● **Problem requirements**
All lines below starting at the one that holds "Технические характеристики: Переходник" and ending at the one that holds "りんご組さんが植えてくれたチューリップも、桜に合わせて春満開です✨😊" should be printed exactly, ends included. Pictures should not be printed, nor anything else.

● **Task input**
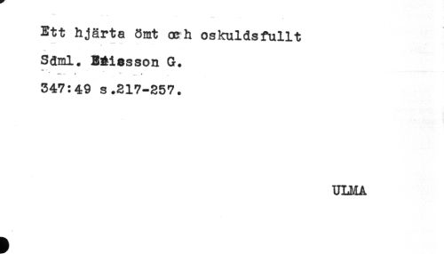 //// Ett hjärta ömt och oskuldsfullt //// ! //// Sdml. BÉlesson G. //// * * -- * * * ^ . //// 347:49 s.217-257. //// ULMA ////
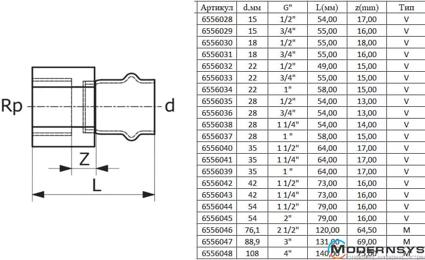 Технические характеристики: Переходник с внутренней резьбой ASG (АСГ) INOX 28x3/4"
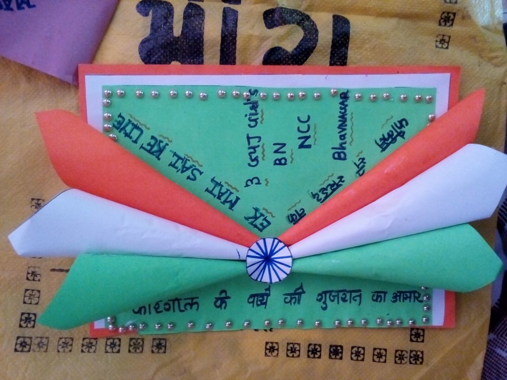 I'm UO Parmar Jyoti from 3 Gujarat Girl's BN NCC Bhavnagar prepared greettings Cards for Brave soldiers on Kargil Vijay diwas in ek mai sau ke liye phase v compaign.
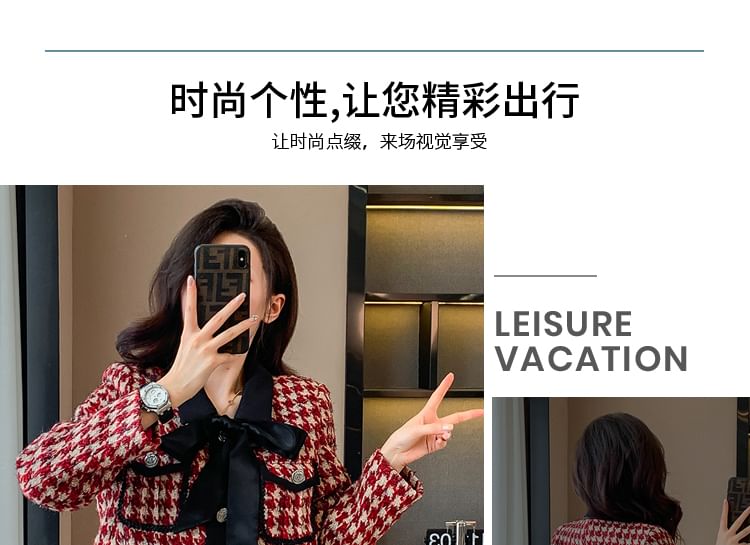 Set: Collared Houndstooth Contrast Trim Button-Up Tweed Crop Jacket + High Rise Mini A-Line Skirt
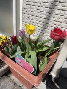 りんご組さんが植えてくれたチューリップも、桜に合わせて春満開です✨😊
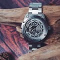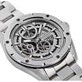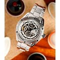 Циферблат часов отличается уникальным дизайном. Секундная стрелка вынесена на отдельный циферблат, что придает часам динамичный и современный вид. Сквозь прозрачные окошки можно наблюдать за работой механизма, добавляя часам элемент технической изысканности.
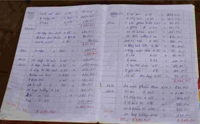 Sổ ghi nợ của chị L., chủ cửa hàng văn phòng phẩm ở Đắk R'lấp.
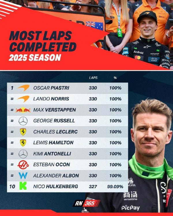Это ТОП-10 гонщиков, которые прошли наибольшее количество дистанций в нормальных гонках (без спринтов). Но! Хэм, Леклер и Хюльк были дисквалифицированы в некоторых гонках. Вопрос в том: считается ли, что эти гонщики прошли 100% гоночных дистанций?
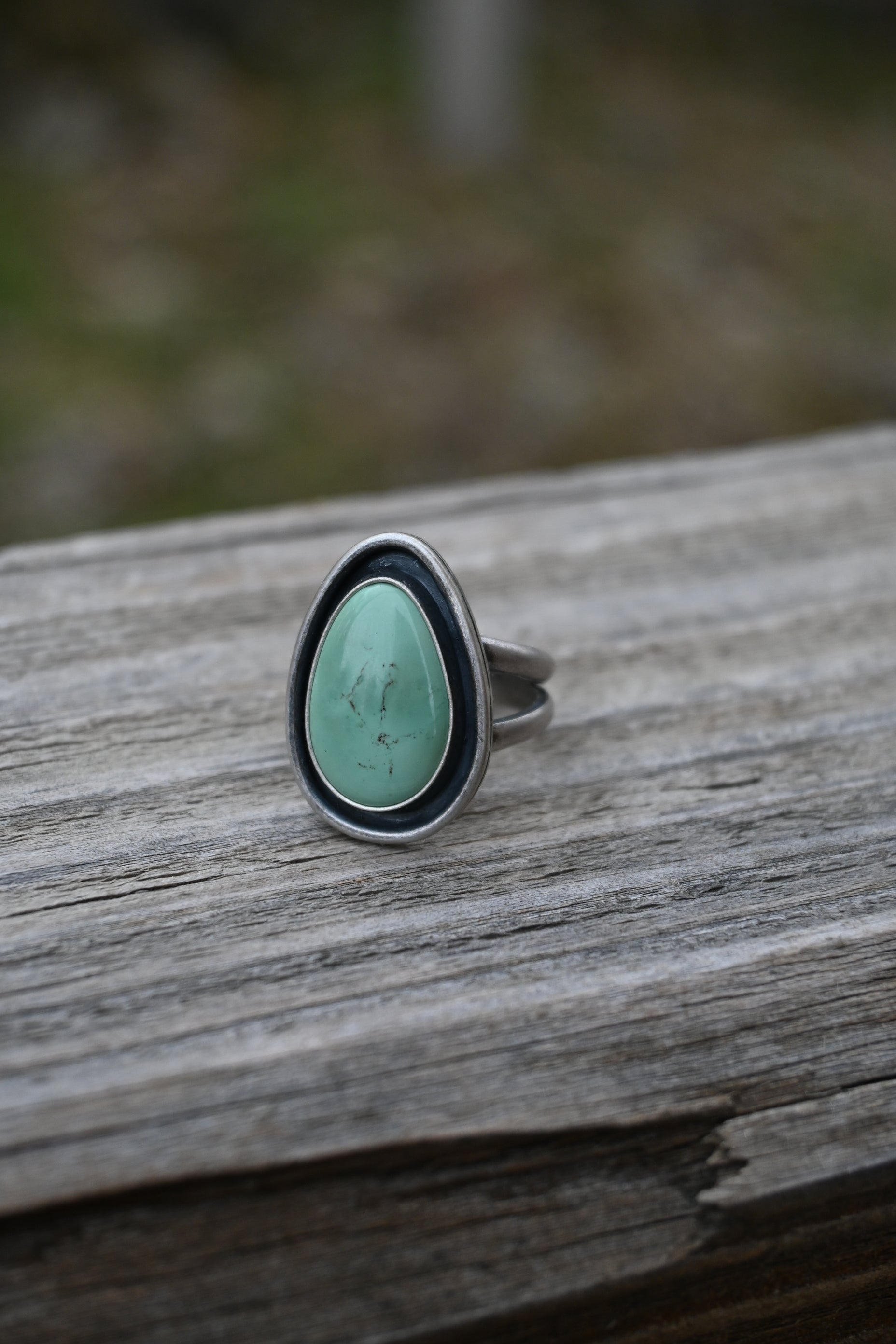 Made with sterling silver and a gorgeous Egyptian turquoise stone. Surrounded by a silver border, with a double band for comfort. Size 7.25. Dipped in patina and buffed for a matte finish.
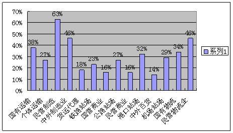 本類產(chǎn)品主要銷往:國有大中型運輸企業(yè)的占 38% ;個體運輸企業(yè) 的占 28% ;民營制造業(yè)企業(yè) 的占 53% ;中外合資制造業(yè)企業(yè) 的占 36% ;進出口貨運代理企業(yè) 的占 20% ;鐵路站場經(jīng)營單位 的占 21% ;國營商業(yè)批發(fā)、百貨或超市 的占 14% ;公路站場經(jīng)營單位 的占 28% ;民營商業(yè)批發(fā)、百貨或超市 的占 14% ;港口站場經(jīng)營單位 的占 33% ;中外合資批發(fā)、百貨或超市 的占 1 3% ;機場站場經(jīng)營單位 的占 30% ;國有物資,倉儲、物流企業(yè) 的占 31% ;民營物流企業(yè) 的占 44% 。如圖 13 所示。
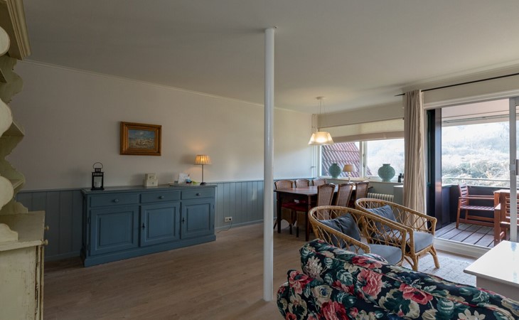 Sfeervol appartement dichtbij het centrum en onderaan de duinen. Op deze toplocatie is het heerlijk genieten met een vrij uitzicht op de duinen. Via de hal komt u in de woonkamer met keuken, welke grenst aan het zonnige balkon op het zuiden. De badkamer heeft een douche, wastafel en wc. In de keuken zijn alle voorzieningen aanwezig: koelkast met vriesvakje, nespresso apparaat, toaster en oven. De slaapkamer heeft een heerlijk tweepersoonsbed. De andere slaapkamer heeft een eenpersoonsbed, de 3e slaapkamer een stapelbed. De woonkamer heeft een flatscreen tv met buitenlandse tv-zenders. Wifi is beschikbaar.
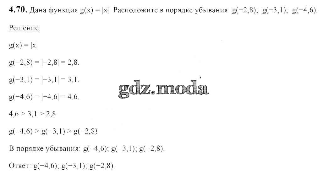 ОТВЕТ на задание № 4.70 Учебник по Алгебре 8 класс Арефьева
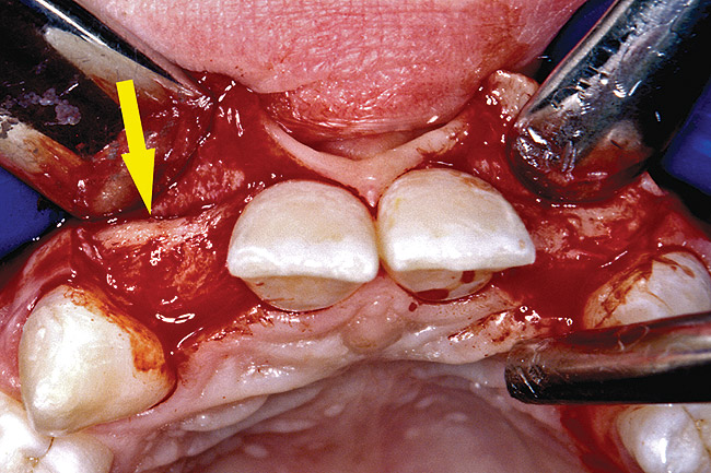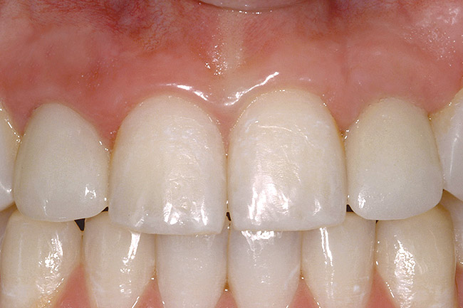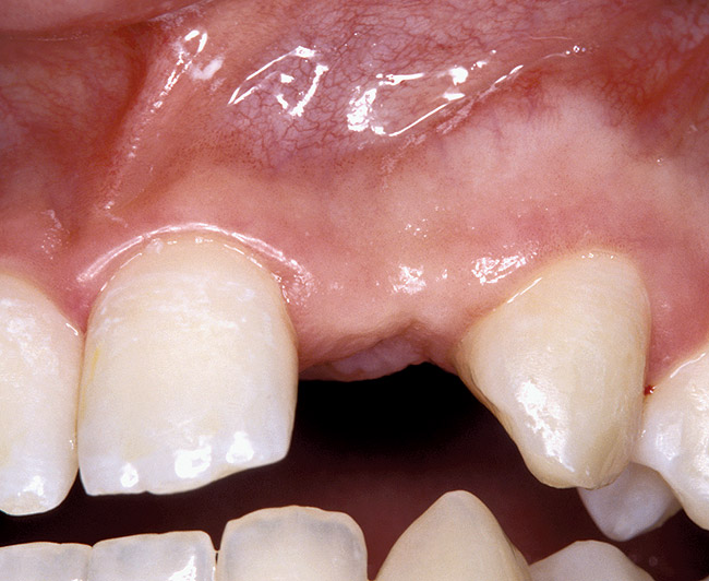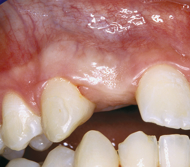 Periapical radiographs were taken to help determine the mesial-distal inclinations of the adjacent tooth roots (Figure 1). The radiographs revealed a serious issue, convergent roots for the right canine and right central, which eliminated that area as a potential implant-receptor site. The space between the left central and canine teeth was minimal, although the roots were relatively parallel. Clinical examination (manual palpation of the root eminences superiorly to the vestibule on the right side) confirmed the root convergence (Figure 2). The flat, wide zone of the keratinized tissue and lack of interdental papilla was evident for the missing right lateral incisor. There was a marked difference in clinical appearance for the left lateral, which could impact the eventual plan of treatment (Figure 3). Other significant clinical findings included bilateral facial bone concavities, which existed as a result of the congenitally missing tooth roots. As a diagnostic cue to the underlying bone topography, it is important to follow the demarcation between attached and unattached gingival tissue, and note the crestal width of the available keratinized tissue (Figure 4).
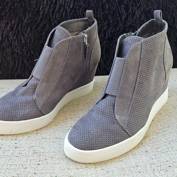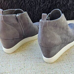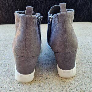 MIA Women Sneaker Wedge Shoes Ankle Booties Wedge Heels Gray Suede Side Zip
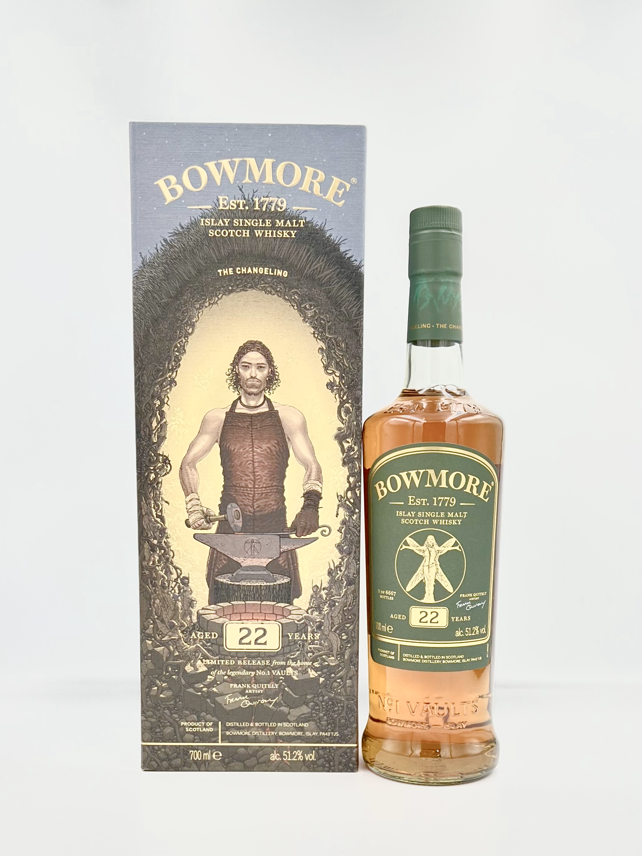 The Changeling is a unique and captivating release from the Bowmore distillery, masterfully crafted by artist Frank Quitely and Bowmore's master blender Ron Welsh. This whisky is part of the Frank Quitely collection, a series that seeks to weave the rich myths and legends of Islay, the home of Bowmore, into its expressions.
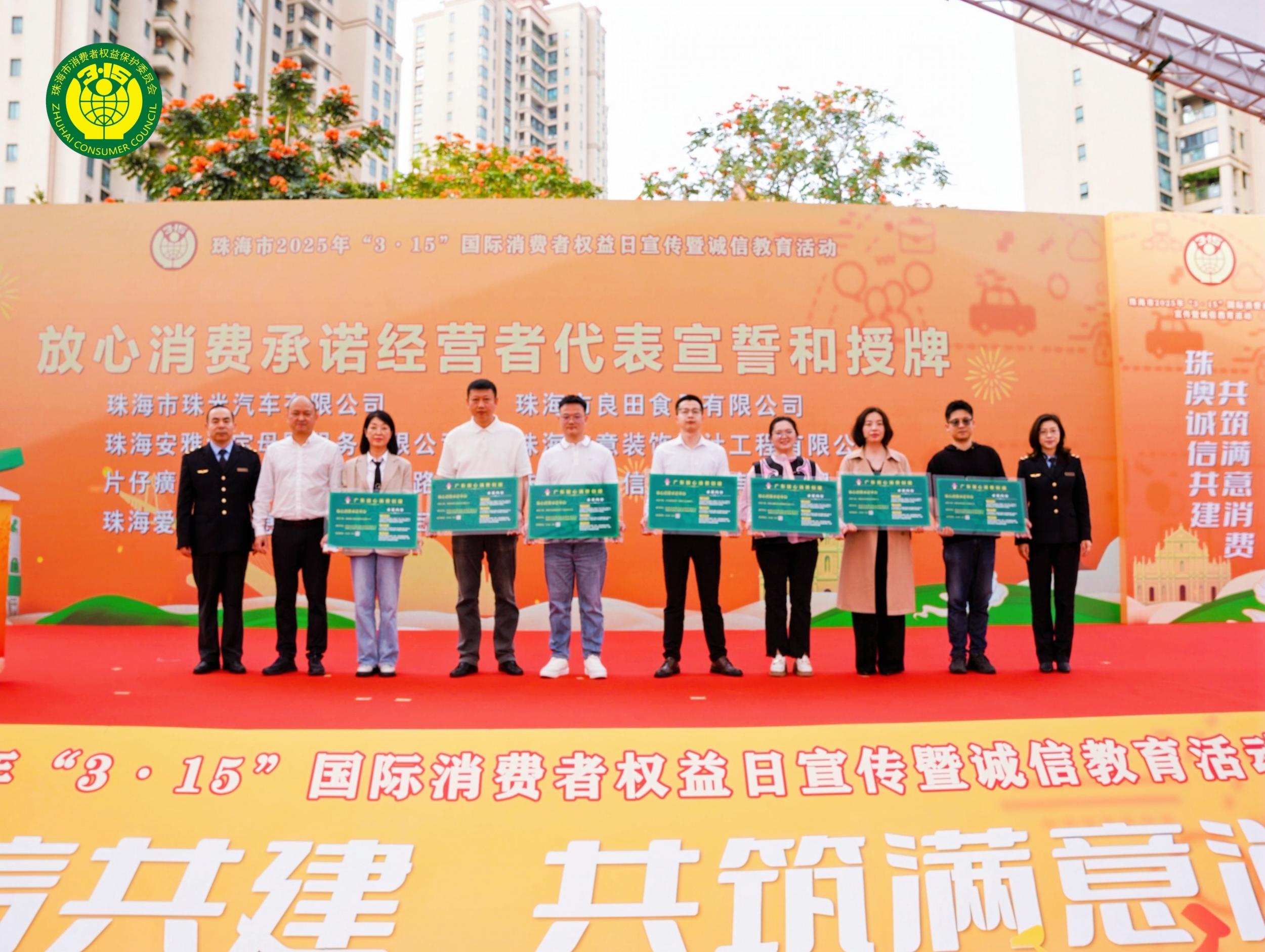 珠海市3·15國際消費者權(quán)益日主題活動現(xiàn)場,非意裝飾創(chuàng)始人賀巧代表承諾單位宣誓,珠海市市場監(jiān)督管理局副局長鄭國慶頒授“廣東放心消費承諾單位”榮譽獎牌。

● **Completed exercise**
 Технические характеристики: Переходник с внутренней резьбой ASG (АСГ) INOX 28x3/4"
 I'm UO Parmar Jyoti from 3 Gujarat Girl's BN NCC Bhavnagar prepared greettings Cards for Brave soldiers on Kargil Vijay diwas in ek mai sau ke liye phase v compaign.
 Set: Collared Houndstooth Contrast Trim Button-Up Tweed Crop Jacket + High Rise Mini A-Line Skirt
 りんご組さんが植えてくれたチューリップも、桜に合わせて春満開です✨😊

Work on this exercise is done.